A great dish for a party, but make sure you get this cooking on the barbecue well in advance of your guests arriving.
Preparation: 15 minutes
Cooking: 75 minutes per kg
Total: 1 hour 30 minutes
4 scotch fillet steaks
½ cup fresh coriander leaves
½ cup fresh parsley leaves
2 cloves garlic, peeled
sea salt and freshly ground black pepper to taste
1 whole chicken, about 2 kg, with the giblets removed
olive oil, for drizzling
lemon slices, to garnish
fresh coriander or parsley, to garnish
Preheat the barbecue to a high heat of 200°C, with the hood closed.

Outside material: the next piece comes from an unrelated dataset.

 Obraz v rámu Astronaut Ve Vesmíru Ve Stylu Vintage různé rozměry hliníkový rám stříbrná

Grate the zest from the lemon and set remaining lemon aside. Combine lemon zest, coriander, parsley and garlic in a blender or food processor. Season with pepper.

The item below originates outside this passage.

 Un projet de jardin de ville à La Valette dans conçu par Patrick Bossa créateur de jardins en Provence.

Place the chicken in a roasting pan, breast side up. Ease your fingers under the skin, starting at the neck end. Loosen the skin over the breasts and thighs, without breaking it. Push the lemon-and-herb paste under the skin, so that it covers the breasts and thighs evenly in a thin layer. Rub chicken all over with the lemon half and sprinkle generously with sea salt, then drizzle liberally with olive oil.
Place roasting pan on the barbecue hotplate or grill over indirect heat i.e. burners at the side are on but those directly underneath the roasting pan switched off. Close the hood. The chicken is cooked if the juices run clear when a knife is inserted into the thickest part of the thigh, about 2 ½ hours. Baste occasionally with the juices in the pan
Remove chicken from barbecue and allow to rest for 10 minutes before carving. Garnish with lemon slices and sprigs of fresh coriander or parsley if desired.